From the first line to the last, print the records exactly.

»»

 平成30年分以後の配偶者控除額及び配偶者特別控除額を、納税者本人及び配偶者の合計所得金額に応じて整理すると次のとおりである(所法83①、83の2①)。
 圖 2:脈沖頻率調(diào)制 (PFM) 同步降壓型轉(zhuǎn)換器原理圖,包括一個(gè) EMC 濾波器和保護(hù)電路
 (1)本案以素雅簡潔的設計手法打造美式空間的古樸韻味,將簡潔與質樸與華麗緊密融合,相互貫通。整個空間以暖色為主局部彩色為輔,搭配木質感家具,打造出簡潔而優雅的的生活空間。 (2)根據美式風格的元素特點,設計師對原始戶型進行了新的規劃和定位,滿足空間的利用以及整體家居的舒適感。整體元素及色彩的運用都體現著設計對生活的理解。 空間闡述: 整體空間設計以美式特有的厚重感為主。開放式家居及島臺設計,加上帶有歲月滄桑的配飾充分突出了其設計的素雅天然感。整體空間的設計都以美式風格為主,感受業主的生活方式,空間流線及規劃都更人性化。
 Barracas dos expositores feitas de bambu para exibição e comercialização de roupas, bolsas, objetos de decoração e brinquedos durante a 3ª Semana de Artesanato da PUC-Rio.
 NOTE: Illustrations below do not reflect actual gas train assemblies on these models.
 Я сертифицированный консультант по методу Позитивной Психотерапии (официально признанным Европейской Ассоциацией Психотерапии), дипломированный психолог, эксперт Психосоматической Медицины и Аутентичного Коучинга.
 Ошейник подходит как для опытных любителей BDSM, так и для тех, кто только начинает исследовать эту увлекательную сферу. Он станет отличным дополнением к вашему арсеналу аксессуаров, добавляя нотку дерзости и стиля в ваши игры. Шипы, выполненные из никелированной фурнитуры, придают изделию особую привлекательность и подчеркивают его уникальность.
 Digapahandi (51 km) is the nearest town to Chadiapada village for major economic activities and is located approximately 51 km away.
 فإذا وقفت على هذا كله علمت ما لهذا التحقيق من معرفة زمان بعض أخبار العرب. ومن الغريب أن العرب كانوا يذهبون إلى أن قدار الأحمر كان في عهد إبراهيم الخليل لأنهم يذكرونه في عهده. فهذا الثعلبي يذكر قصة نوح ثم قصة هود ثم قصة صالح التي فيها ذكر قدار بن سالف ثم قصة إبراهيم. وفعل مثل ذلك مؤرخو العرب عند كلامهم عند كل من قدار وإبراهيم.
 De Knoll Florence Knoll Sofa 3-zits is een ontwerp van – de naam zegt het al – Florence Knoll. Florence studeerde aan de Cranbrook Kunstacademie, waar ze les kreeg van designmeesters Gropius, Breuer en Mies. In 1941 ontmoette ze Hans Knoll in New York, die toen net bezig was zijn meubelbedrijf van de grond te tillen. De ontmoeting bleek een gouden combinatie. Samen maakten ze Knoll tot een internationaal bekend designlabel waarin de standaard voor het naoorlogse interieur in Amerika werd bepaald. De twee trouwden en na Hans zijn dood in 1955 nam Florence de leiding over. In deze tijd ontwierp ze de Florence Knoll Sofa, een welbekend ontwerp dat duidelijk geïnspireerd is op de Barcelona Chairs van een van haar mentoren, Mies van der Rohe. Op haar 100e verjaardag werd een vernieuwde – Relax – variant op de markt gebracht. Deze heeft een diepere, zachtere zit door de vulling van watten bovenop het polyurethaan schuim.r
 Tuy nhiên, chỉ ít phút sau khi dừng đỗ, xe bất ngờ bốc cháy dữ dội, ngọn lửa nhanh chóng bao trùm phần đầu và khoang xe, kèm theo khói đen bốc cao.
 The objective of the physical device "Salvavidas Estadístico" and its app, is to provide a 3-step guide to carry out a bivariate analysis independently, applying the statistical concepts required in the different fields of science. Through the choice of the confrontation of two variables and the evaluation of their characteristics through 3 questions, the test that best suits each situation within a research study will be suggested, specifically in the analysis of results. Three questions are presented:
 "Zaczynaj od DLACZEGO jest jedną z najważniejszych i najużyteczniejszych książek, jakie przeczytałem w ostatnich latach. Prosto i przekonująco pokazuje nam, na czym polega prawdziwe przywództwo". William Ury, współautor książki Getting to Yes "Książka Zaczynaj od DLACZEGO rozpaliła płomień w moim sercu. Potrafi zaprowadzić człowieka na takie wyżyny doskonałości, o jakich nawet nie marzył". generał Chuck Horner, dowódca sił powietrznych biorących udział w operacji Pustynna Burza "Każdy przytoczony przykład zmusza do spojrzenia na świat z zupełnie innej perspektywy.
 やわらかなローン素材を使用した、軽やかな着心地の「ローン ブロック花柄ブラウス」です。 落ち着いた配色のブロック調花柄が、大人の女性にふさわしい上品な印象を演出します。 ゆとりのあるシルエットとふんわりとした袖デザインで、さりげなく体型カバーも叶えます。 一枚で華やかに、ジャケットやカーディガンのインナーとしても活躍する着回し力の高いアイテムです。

««

== Task response ==
 平成30年分以後の配偶者控除額及び配偶者特別控除額を、納税者本人及び配偶者の合計所得金額に応じて整理すると次のとおりである(所法83①、83の2①)。
 圖 2:脈沖頻率調(diào)制 (PFM) 同步降壓型轉(zhuǎn)換器原理圖,包括一個(gè) EMC 濾波器和保護(hù)電路
 (1)本案以素雅簡潔的設計手法打造美式空間的古樸韻味,將簡潔與質樸與華麗緊密融合,相互貫通。整個空間以暖色為主局部彩色為輔,搭配木質感家具,打造出簡潔而優雅的的生活空間。 (2)根據美式風格的元素特點,設計師對原始戶型進行了新的規劃和定位,滿足空間的利用以及整體家居的舒適感。整體元素及色彩的運用都體現著設計對生活的理解。 空間闡述: 整體空間設計以美式特有的厚重感為主。開放式家居及島臺設計,加上帶有歲月滄桑的配飾充分突出了其設計的素雅天然感。整體空間的設計都以美式風格為主,感受業主的生活方式,空間流線及規劃都更人性化。
 Barracas dos expositores feitas de bambu para exibição e comercialização de roupas, bolsas, objetos de decoração e brinquedos durante a 3ª Semana de Artesanato da PUC-Rio.
 NOTE: Illustrations below do not reflect actual gas train assemblies on these models.
 Я сертифицированный консультант по методу Позитивной Психотерапии (официально признанным Европейской Ассоциацией Психотерапии), дипломированный психолог, эксперт Психосоматической Медицины и Аутентичного Коучинга.
 Ошейник подходит как для опытных любителей BDSM, так и для тех, кто только начинает исследовать эту увлекательную сферу. Он станет отличным дополнением к вашему арсеналу аксессуаров, добавляя нотку дерзости и стиля в ваши игры. Шипы, выполненные из никелированной фурнитуры, придают изделию особую привлекательность и подчеркивают его уникальность.
 Digapahandi (51 km) is the nearest town to Chadiapada village for major economic activities and is located approximately 51 km away.
 فإذا وقفت على هذا كله علمت ما لهذا التحقيق من معرفة زمان بعض أخبار العرب. ومن الغريب أن العرب كانوا يذهبون إلى أن قدار الأحمر كان في عهد إبراهيم الخليل لأنهم يذكرونه في عهده. فهذا الثعلبي يذكر قصة نوح ثم قصة هود ثم قصة صالح التي فيها ذكر قدار بن سالف ثم قصة إبراهيم. وفعل مثل ذلك مؤرخو العرب عند كلامهم عند كل من قدار وإبراهيم.
 De Knoll Florence Knoll Sofa 3-zits is een ontwerp van – de naam zegt het al – Florence Knoll. Florence studeerde aan de Cranbrook Kunstacademie, waar ze les kreeg van designmeesters Gropius, Breuer en Mies. In 1941 ontmoette ze Hans Knoll in New York, die toen net bezig was zijn meubelbedrijf van de grond te tillen. De ontmoeting bleek een gouden combinatie. Samen maakten ze Knoll tot een internationaal bekend designlabel waarin de standaard voor het naoorlogse interieur in Amerika werd bepaald. De twee trouwden en na Hans zijn dood in 1955 nam Florence de leiding over. In deze tijd ontwierp ze de Florence Knoll Sofa, een welbekend ontwerp dat duidelijk geïnspireerd is op de Barcelona Chairs van een van haar mentoren, Mies van der Rohe. Op haar 100e verjaardag werd een vernieuwde – Relax – variant op de markt gebracht. Deze heeft een diepere, zachtere zit door de vulling van watten bovenop het polyurethaan schuim.r
 Tuy nhiên, chỉ ít phút sau khi dừng đỗ, xe bất ngờ bốc cháy dữ dội, ngọn lửa nhanh chóng bao trùm phần đầu và khoang xe, kèm theo khói đen bốc cao.
 The objective of the physical device "Salvavidas Estadístico" and its app, is to provide a 3-step guide to carry out a bivariate analysis independently, applying the statistical concepts required in the different fields of science. Through the choice of the confrontation of two variables and the evaluation of their characteristics through 3 questions, the test that best suits each situation within a research study will be suggested, specifically in the analysis of results. Three questions are presented:
 "Zaczynaj od DLACZEGO jest jedną z najważniejszych i najużyteczniejszych książek, jakie przeczytałem w ostatnich latach. Prosto i przekonująco pokazuje nam, na czym polega prawdziwe przywództwo". William Ury, współautor książki Getting to Yes "Książka Zaczynaj od DLACZEGO rozpaliła płomień w moim sercu. Potrafi zaprowadzić człowieka na takie wyżyny doskonałości, o jakich nawet nie marzył". generał Chuck Horner, dowódca sił powietrznych biorących udział w operacji Pustynna Burza "Każdy przytoczony przykład zmusza do spojrzenia na świat z zupełnie innej perspektywy.
 やわらかなローン素材を使用した、軽やかな着心地の「ローン ブロック花柄ブラウス」です。 落ち着いた配色のブロック調花柄が、大人の女性にふさわしい上品な印象を演出します。 ゆとりのあるシルエットとふんわりとした袖デザインで、さりげなく体型カバーも叶えます。 一枚で華やかに、ジャケットやカーディガンのインナーとしても活躍する着回し力の高いアイテムです。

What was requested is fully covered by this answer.